St. Louis, Sept. 29, 2000 — Researchers have identified two proteins that help immune cells commit suicide. Defects in one of these proteins have been linked to lymphomas.

The findings are published in the Oct. 5 issue of Nature. Natalie A. Lissy, a graduate student in pathology at Washington University School of Medicine in St. Louis, is first author. Steven F. Dowdy, Ph.D., an assistant professor of pathology and Howard Hughes Medical Institute assistant investigator, directed the study.

Many cells are programmed to kill themselves after they complete their biological duties or become damaged. Those that fail to obey this command accumulate in the body. Because every cell has the potential to mutate into a cancerous cell, excess cells increase the probability of mutations. Mutations in immune cells called T cells are particularly dangerous instigators of cancer.

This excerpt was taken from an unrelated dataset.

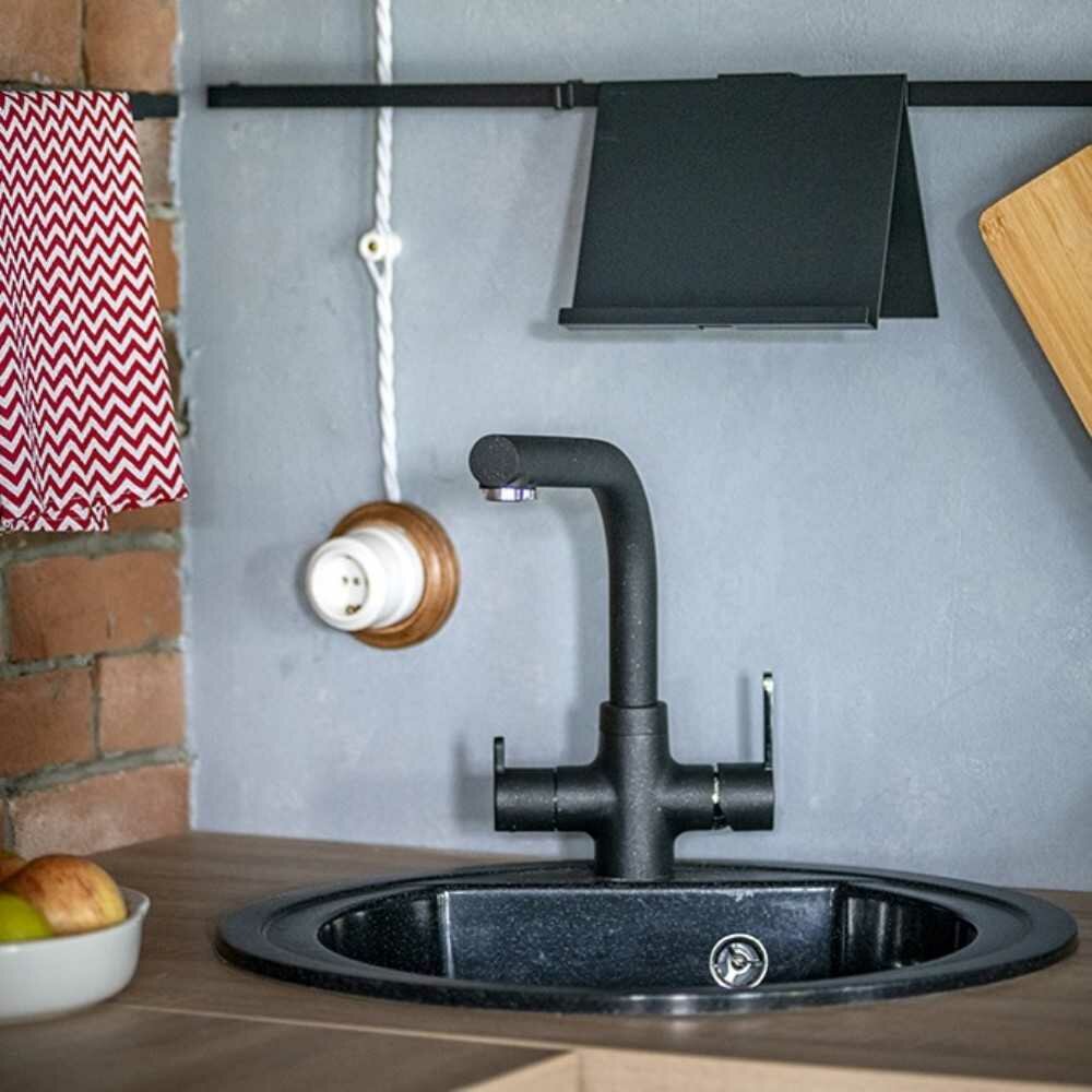 СохранитьСмеситель для кухни Paini Arena с переключением на фильтр 29.3 см цвет чёрный интересное: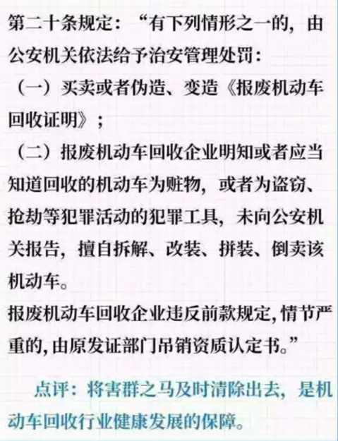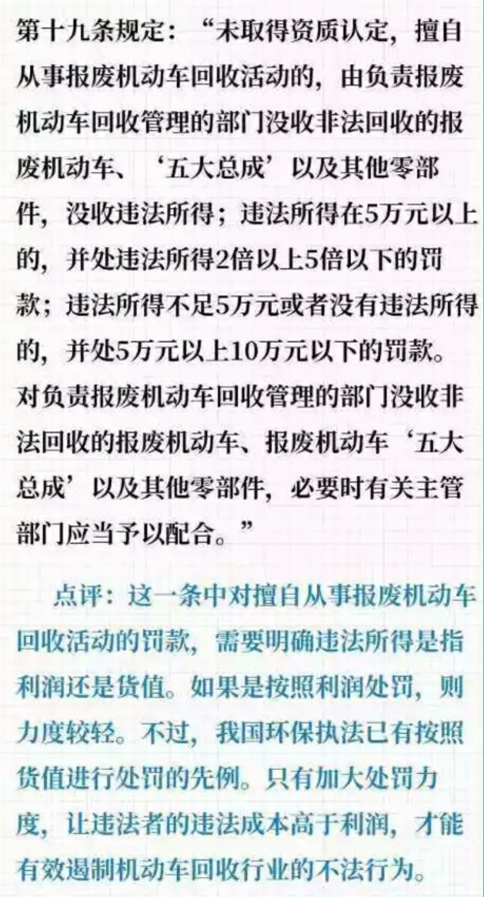 同时,报废机动车新规更加注重环保。新的《报废机动车回收管理办法》规定,拆解报废机动车,应当遵守环境保护法律、法规和强制性标准,采取有效措施保护环境,不得造成环境污染。

Previous studies show that a protein called p53 regulates cell death that is induced by DNA damage. By acting in this way, p53 suppresses tumor growth. "P53 proteins are the guardians of the genome," Dowdy explains. "They make sure there is no DNA damage in each cell. If there is, they command the cell to commit suicide."

Scientists believe that half of all cancers arise because the p53 gene becomes mutated. The resulting protein therefore fails to do its job, and fewer cells complete the suicide mission.

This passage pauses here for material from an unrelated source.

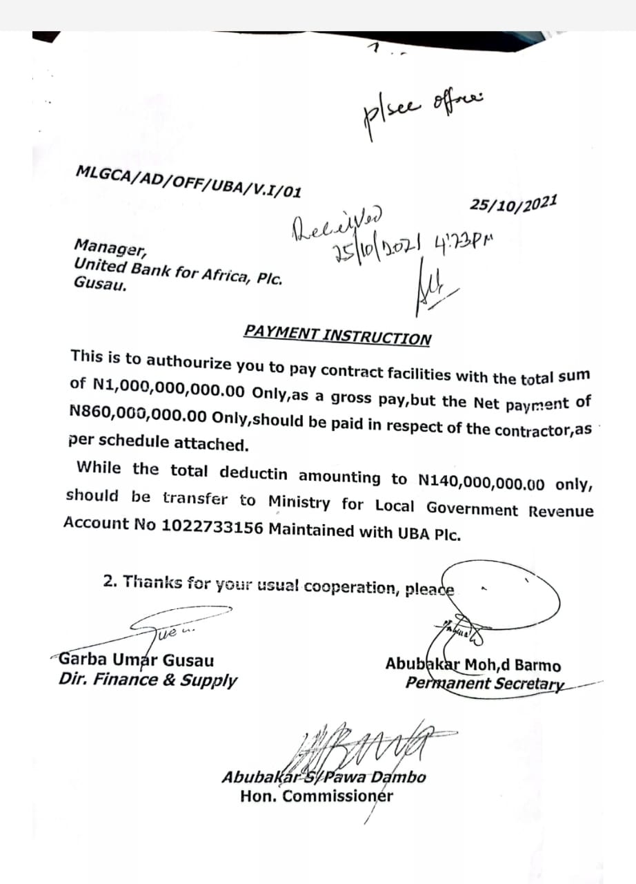 According to him, the tragic financial situation the current administration met in Zamfara State is manifestly a product of the past government of Bello Matawalle, who, through a mere telephone call, directed the Ministry of Local Government in complete disregard of any due process to remove 1,000,000,000 billion Naira from the Local Government Joint Account on October 25th, 2021, and paid 825,000,000 million Naira to the contractors without any valuation.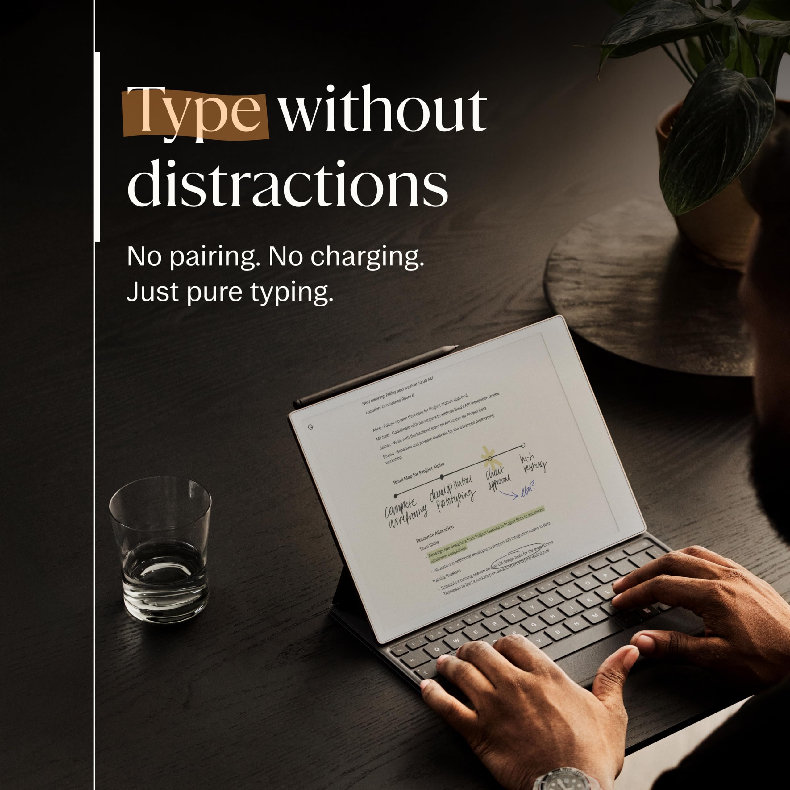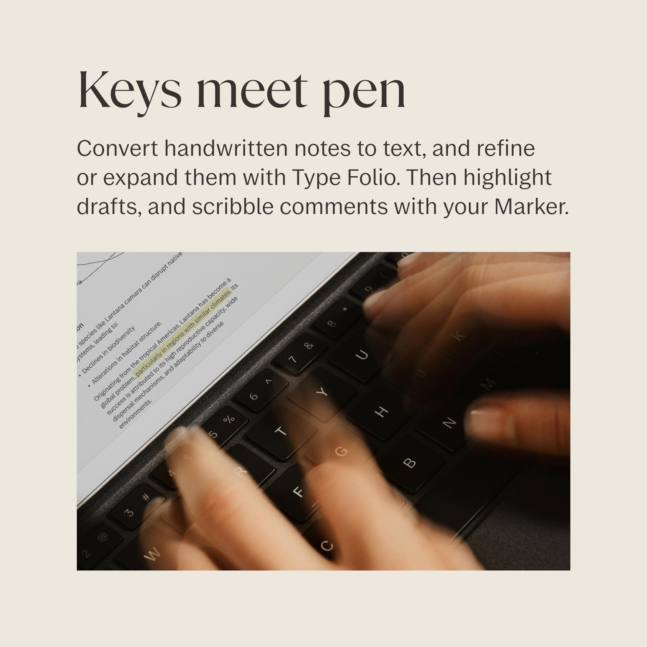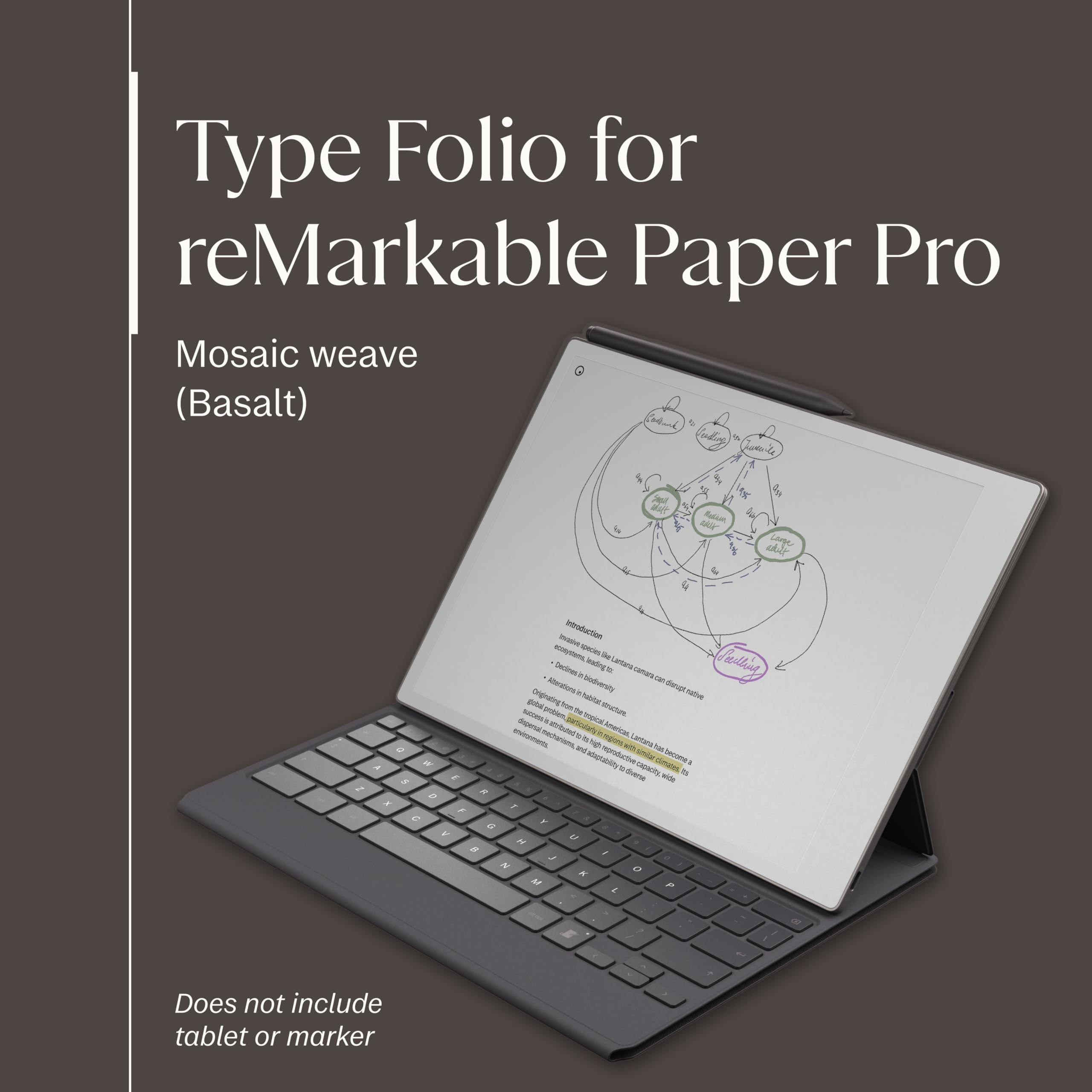 Experience comfortable, focused typing on reMarkable Paper Pro with the new Type Folio. Now, you can seamlessly combine or switch between handwriting and typing on a more spacious and colorful digital paper display. Get the convenience of a slim, tactile, and backlit keyboard with the protection of a stylish cover that connects to your Paper Pro magnetically. No pairing, charging, or cables, just distraction-free writing.

Dowdy and colleagues have determined that two other proteins play important roles in programmed cell death. They are p73, a relative of p53, and a protein called E2F1. Previous research has implicated both proteins, but the Washington University paper presents the first empirical evidence that the two are essential for the programmed death of T cells.

It was known that p73, though related to p53, fails to kill cells that contain damaged DNA. Researchers therefore set out to identify the independent pathway that enables p73 to regulate programmed T-cell death.

To inhibit E2F1 or p73, the team used a relatively new technique called TAT-mediated protein transduction, which Dowdy’s laboratory developed. It blocks the actions of specific proteins in almost 100 percent of cells under study and allows the cells to develop normally. In comparison, standard methods bombard cells with artificially high levels of protein blockers that get into about one-fifth of the cells.

Inactivating either E2F1 or p73 with the new technique stopped the programmed cell death of human and mouse T cells, even though p53 levels remained the same. The researchers therefore concluded that both E2F1 and p73 proteins are involved in regulating programmed cell death.

"There are still some basic-science questions to ask, but the general biology is in place," says Dowdy. "When a particular receptor is stimulated, it activates E2F1, which turns on the p73 protein. Then p73 activates the machinery that causes that cell to die."

Dowdy and colleagues plan to determine how this pathway operates. They believe the existence of a cell-death mechanism that does not involve p53 has important implications for cancer research and for understanding autoimmune diseases that result from abnormal T-cell death.

Lissy NA, Davis PK, Irwin M, Kaelin WG, Dowdy SF. A Common E2F1 and P73 Pathway Mediates Cell Death Induced By TCR Activation. Nature, Oct. 5, 2000. This work is supported by the Howard Hughes Medical Institute.